4) Il y a quelques semaines, nous nous demandions ce qui allait se passer pour Total :
– est-ce que Total va se voir ré attribuer son permis pour la période restante au moment de l’abrogation (soit 4 ans et 4 mois) ?
– est-ce que Total aura simplement la possibilité de demander une prolongation de son permis arrivé à échéance en mars 2015 ?
– est-ce que Total aura simplement droit à une indemnisation pour cette abrogation ?

5) Ce 28 janvier, nous apprenons que le PDG de Total a déclaré qu’il n’entamerait pas une épreuve de force contre les élus, si l’opposition était trop grande
C’est fort beau, mais nous ne pouvons dépendre du bon vouloir d’un président donné, à un moment donné. Cette décision peut être plus en lien avec le faible coût du pétrole, qui rend économiquement aberrante l’extraction de gaz de schiste, qu’avec la préoccupation d’entendre les habitants concernés !

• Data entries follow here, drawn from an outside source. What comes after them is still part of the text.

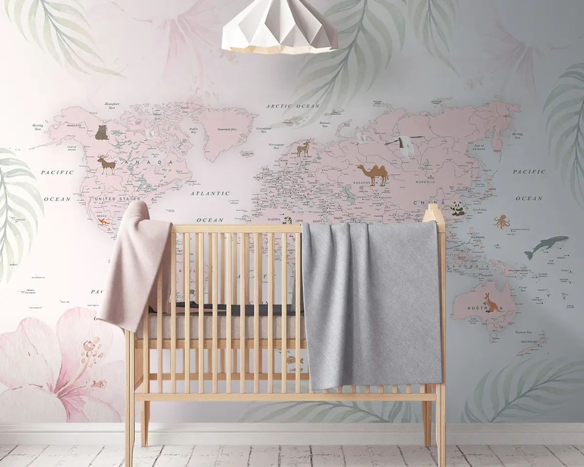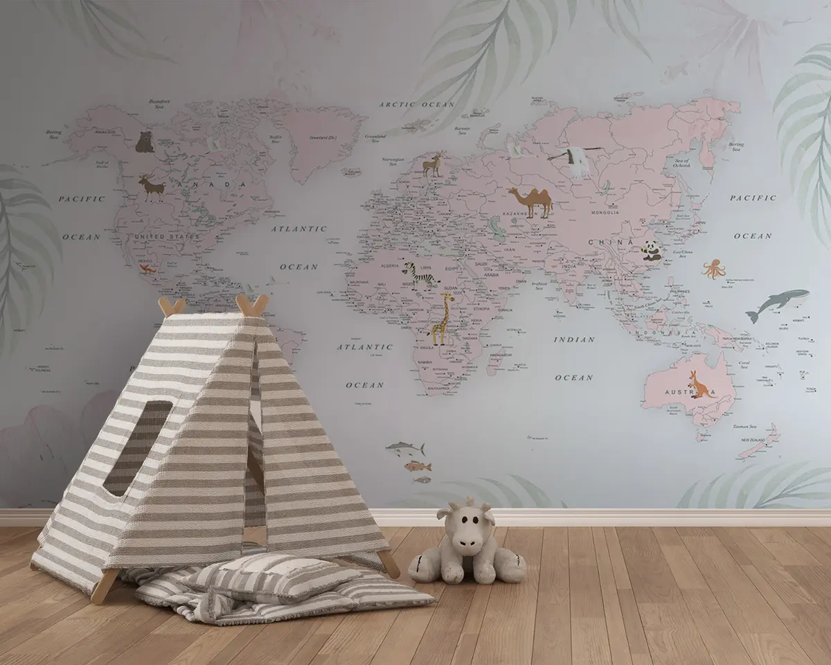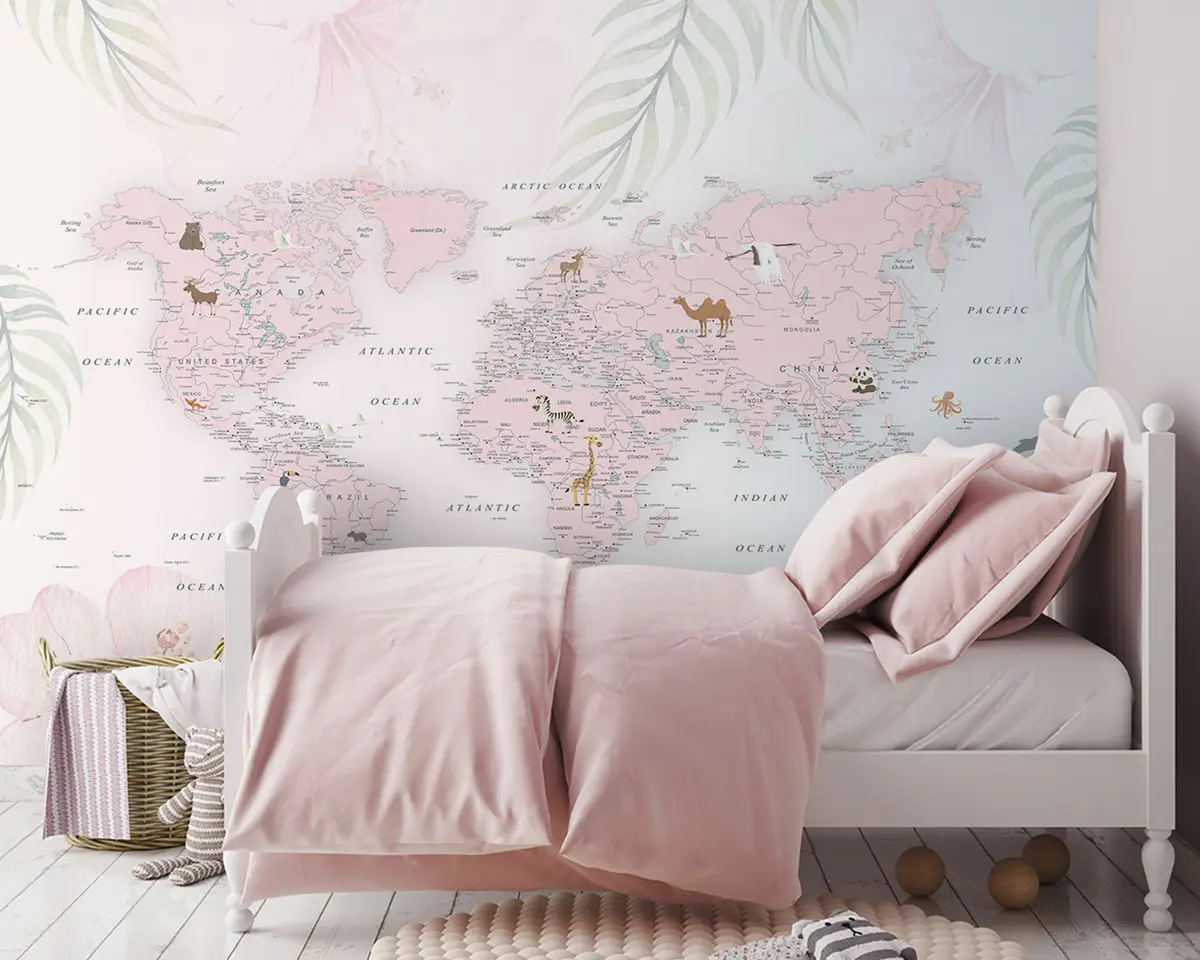 Fototapet Harta lumii pentru fete în stil roz Nr. u79832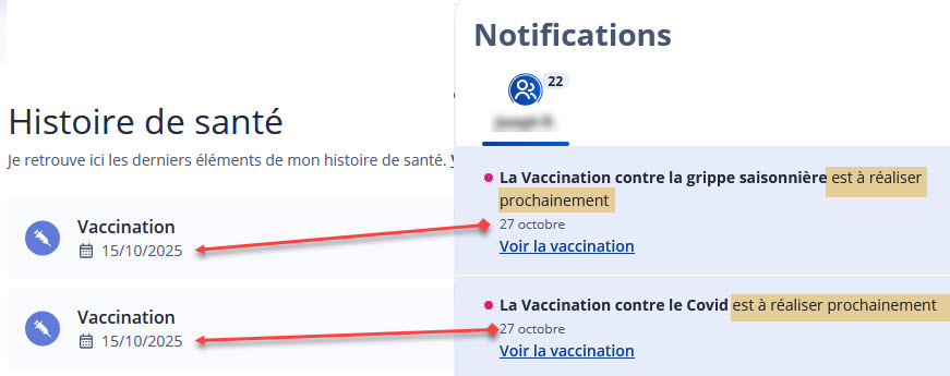 Tout récemment je reçois un mail de Mon Espace Santé m’informant que je dois me faire vacciner « prochainement ». Intrigué, je clique comme on m’y invite pour aller sur Mon Espace Santé. C’est vraiment très bien fait, cet espace Santé, tout est bien à jour. J’y vois dans mon Histoire de santé que j’ai été vacciné contre la grippe et le/la ? COVID le 15 octobre. Mais alors, pourquoi m’inviter à me faire vacciner puisque c’est déjà fait ? J’ai une explication, tellement évidente qu’elle a dû échapper aux informaticiens chevronnés qui ont programmé cet Espace Santé : ils ont oublié de mettre un lien automatique entre l’historique des vaccinations effectuées (à gauche sur l’image) et les notifications (à droite) pour les désactiver/supprimer dès que les vaccinations sont faites. CQFD.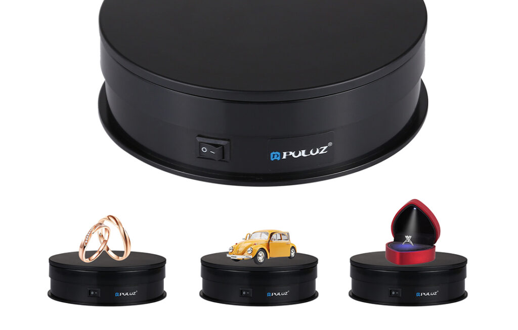 Stojalo ima en sam gumb, s katerim ga lahko vklopite, izklopite ali stojalu spremenite smer vrtenja. Stojalo PU3048B se vrti za 360°, kar vam omogoča, da si razstavljeni izdelek ogledate z vseh strani. Poleg tega je stojalo opremljeno z nedrsečo podlogo, zato ga lahko brez skrbi postavite na gladko površino.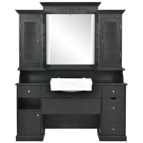 The Mohegan barber styling station has a shampoo bowl, a wall-mounted mirror, and a free-standing vanity station. It boasts of ample storage space with multiple drawers and cabinets, including two large shelved display cabinets and a cabinet with storage slots for salon equipment.

Nous savons aussi que Ségolène Royal a annoncé à l’Assemblée Nationale qu’aucun permis d’extraction ne serait accordé ou reconduit, et devons la soutenir dans cette position.
Nous demandons à l’Etat de modifier la loi de juillet 2011, de façon qu’elle soit réellement protectrice pour l’environnement. Pour commencer, faire appel de la décision du tribunal pourrait contribuer à lever certaines des ambiguïtés de la loi actuelle.